I have to two dataframes. The first one has the index ranging from 3rd of December 2006 to 20th of December 2006 for example. The second one has the dates ranging from 2000 to 2020. I want to drop the rows from the second one when their dates are not within the first one's interval.
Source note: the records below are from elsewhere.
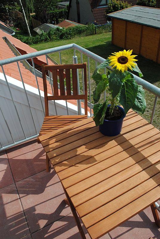 Für sonnige Tage ist der Balkon mit Mobiliar ausgestattet.
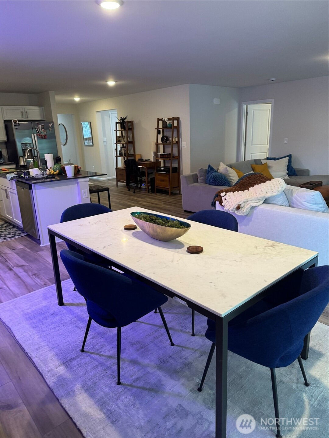 Modern One-Level Living at Its Finest! Experience the perfect blend of style and convenience in this stunning 1,725 sq. ft. rambler. The heart of the home features a chef-inspired kitchen boasting sleek White Maple cabinets with nickel pulls, elegant slab quartz countertops, and a full-height tile backsplash. Whether hosting at the oversized quartz island or cooking on your premium gas range, this space shines. Enjoy durable LVP flooring through the main living areas and plush carpet in the bedrooms. 5 setting LED canned lighting, Ring doorbell w/remote, honeycomb top down/bottom up shades throughout. Pre-plumbed for utility sink in laundry room. Complete with a covered patio for year-round outdoor enjoyment, a high-efficiency heat pump with AC, and a fully landscaped yard. Move-in ready with all appliances included!
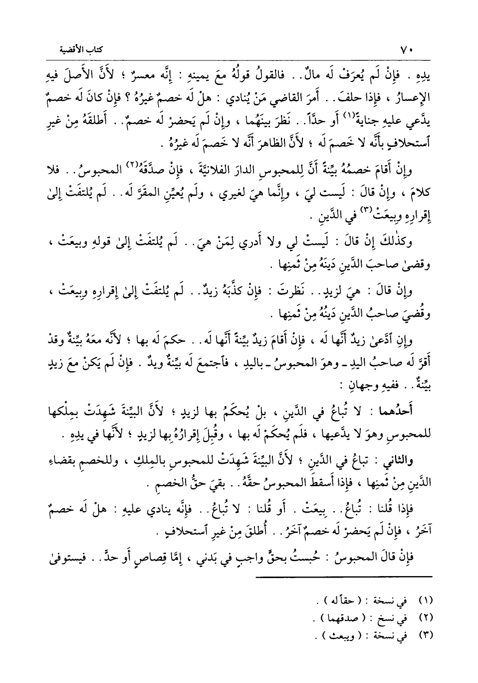 والثاني: تباع في الدين؛ لأن البينة شهدت للمحبوس بالملك، وللخصم بقضاء الدين من ثمنها، فإذا أسقط المحبوس حقه.. بقي حق الخصم.
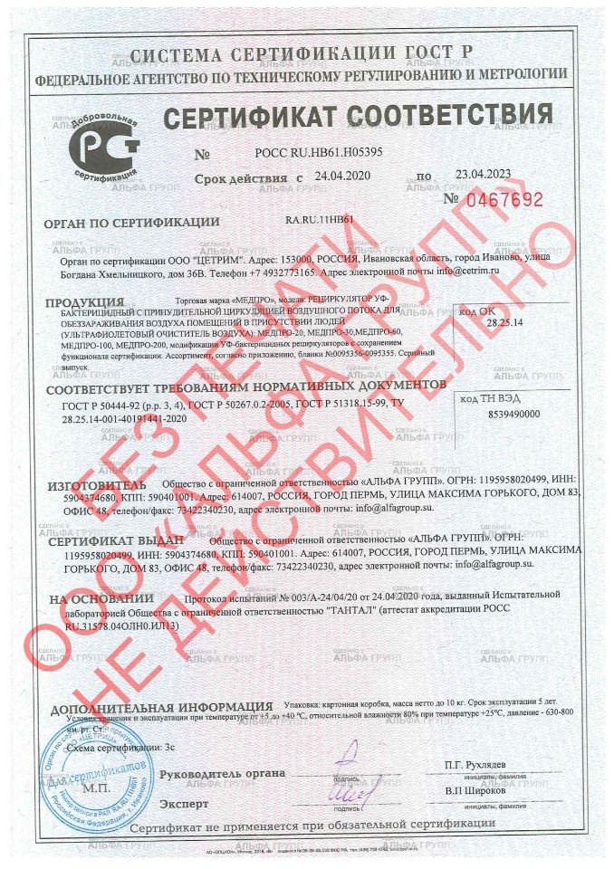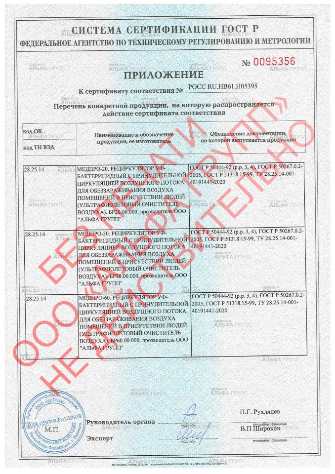ПРОДУКЦИЯ: Торговая марка «МЕДПРО», модели: РЕЦИРКУЛЯТОР УФ-БАКТЕРИЦИДНЫЙ С ПРИНУДИТЕЛЬНОЙ ЦИРКУЛЯЦИЕЙ ВОЗДУШНОГО ПОТОКА ДЛЯ ОБЕЗЗАРАЖИВАНИЯ ВОЗДУХА ПОМЕЩЕНИЙ В ПРИСУТСТВИИ ЛЮДЕЙ (УЛЬТРАФИОЛЕТОВЫЙ ОЧИСТИТЕЛЬ ВОЗДУХА): МЕДПРО-20, МЕДПРО-25, МЕДПРО-30, МЕДПРО-35, МЕДПРО-60, МЕДПРО-100, МЕДПРО-150, МЕДПРО-200, модификации УФ-бактерицидных рециркуляторов с сохранением функционала сертификации.
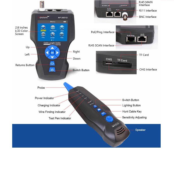 Bên cạnh đó, việc tìm kiếm cáp dễ dàng hơn và truy tìm với AC fliter, hoặc định vị cổng mạng sử dụng hub blink tính năng. NF-8601S cũng kiểm tra các sự hiện diện của PoE và PING chức năng.
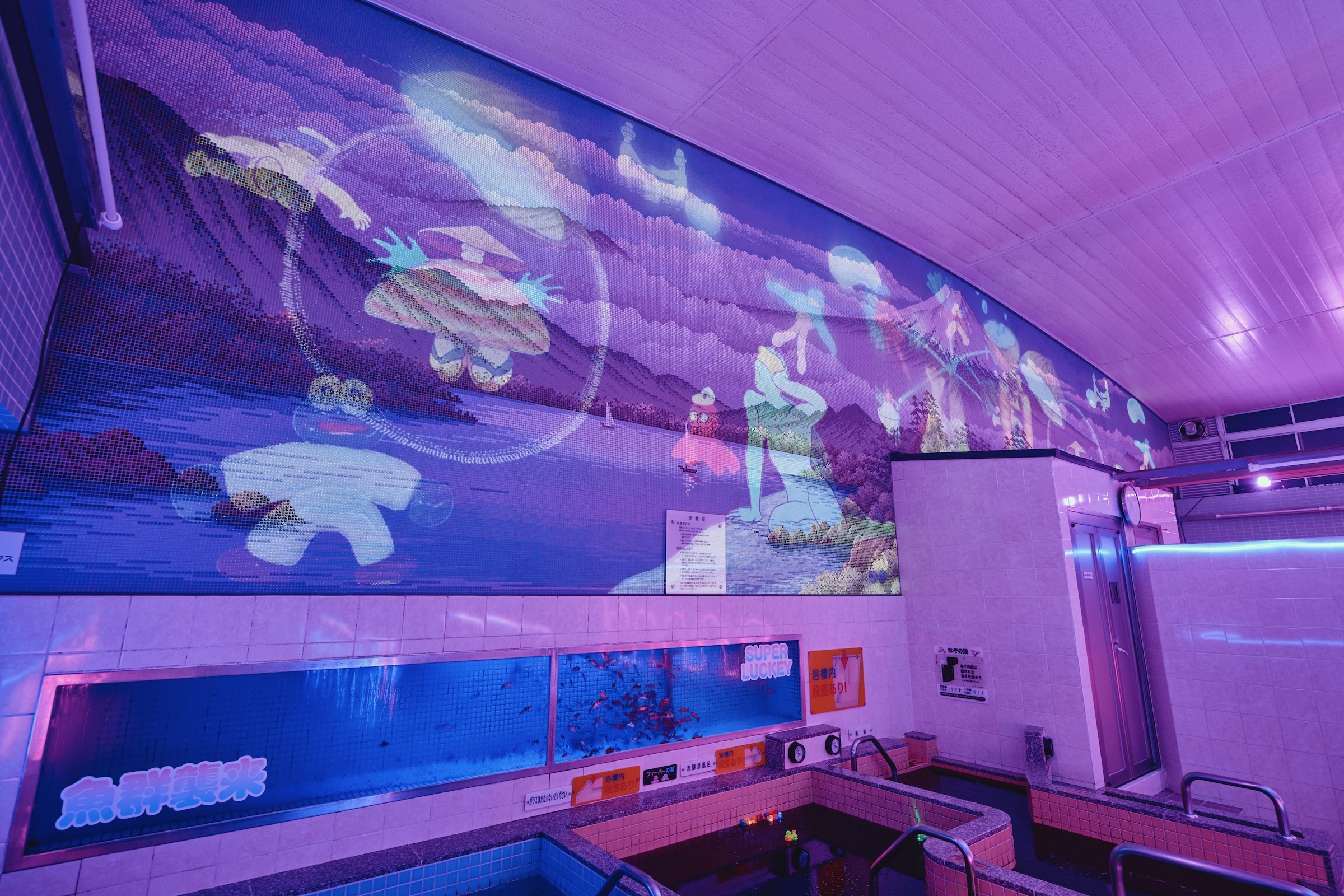 改正湯の象徴的な巨大壁画をキャンバスに見立て、プロジェクションマッピングによって「動く銭湯壁画」を実現。脳汁銭湯のメインビジュアルを手がける映像作家「最後の手段」が、昨年に続き2025年版として再構築。湯けむりの中で、伝統と最先端が融合した独創的な世界観をお楽しみください。

Consider the example below:
The first one is this one:
index value
'2006-12-03 13:06:21.955000' 3
'2006-12-03 13:14:54.100000' 4
'2006-12-04 13:23:25.929000' 5
'2006-12-05 13:31:58.074000' 6
'2006-12-05 13:40:29.903000' 7
'2006-12-05 13:49:02.048000' 8
'2006-12-06 13:57:33.877000' 9
.
.
.
'2006-12-20 14:06:06.022000' 100
'2006-12-20 14:14:37.851000' 110
The second one is this one:
id date name
.
.
.
39 2005-08-22 17:27:00 O
40 2005-09-07 17:40:00 F
41 2006-12-05 10:35:00 X
42 2006-12-13 02:40:00 F
43 2010-08-14 10:05:00 F
44 2011-03-07 20:12:00 M
45 2011-06-07 08:03:00 U
46 2011-08-04 04:12:00 M
47 2011-08-09 08:05:00 P
48 2011-09-22 11:01:00 L
49 2011-11-26 07:10:00 N
50 2012-01-23 03:59:00 M
51 2012-01-27 18:37:00 X
.
.
.
The desired one is the second one but edited as follows:
41 2006-12-05 10:35:00 X
42 2006-12-13 02:40:00 F
--> to remain only with the dates that are also present in the first one.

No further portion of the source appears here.